De jongen keek haar minzaam aan, zoals alleen hij dat kon. “Moet ik ze weer terug doen in de put, moeder?”
“neuh,” zie de moeder, die wel inzag dat je zo’n voordeeltje niet moest laten liggen en ze slofte met de vissen naar binnen om te koken.

Juni 1918

Het was ondanks de droge woestijn in de omgeving koud toen Jezus met zijn vader de mijn in liep. Zijn vader was duidelijk oud aan het worden en hij probeerde echt wel te helpen, maar er was zoveel te voelen. De lucht, de hemel, de grond, de mensen. Maar dat van die mensen aanraken deed hij niet meer. Dat dorpje was zo van streek toen die man uit zijn rolstoel sprong. Gelukkig hadden ze zijn hand op de schouder van de man niet gezien. Hij vond het vervreemdend. Zijn moeder had last van staar gehad, maar die was ook weer verdwenen. En hij kon het niet van zich af zetten dat het kwam omdat hij in de buurt was. De wereld was verwarrend en die “wonderen” voelde helemaal niet als wonderen.

Dat met die cowboys die hun goud wilde inpikken was nog vervelender geweest.

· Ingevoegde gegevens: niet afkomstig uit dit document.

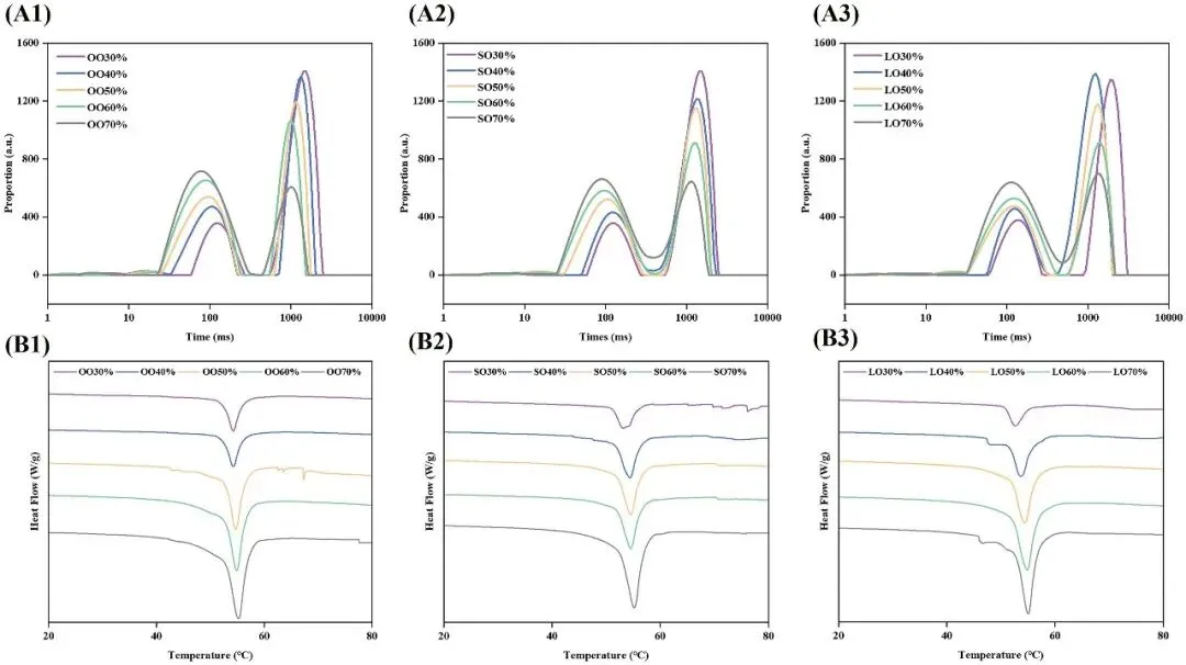Fig. 2. Microstructural stability of bigels. (A1∼A3) Distribution of transverse relaxation times of OO-BGs, SO-BGs, and LO-BGs, respectively; (B1∼B3) DSC thermograms of OO-BGs, SO-BGs, and LO-BGs, respectively.

Ze schoten dreigend in de lucht en lieten hun allemaal plat in het zand liggen, met hun gezichten naar beneden. Ondertussen gooiden andere cowboys alle spullen in het huisje naar buiten, op zoek naar het goud. Maar na veel dreigementen begrepen ze dat er niets te halen was. Toen keken ze naar zijn moeder en zag hij de angst in haar ogen. Als vanzelf bad hij tot de lieve God om vergeving en of hij voorkomen wilde dat er iets ergs met zijn ouders gebeurde. Eerst gebeurde er niets en de mannen stapten naar zijn moeder, die weg probeerde te kruipen. Toen ineens een enorme windvlaag de mannen meters ver weg deed tuimelen. Gekneusd en woedend stonden ze weer op, om meteen daarna door een nieuwe storm weggeblazen te worden. We hebben ze nooit meer gezien.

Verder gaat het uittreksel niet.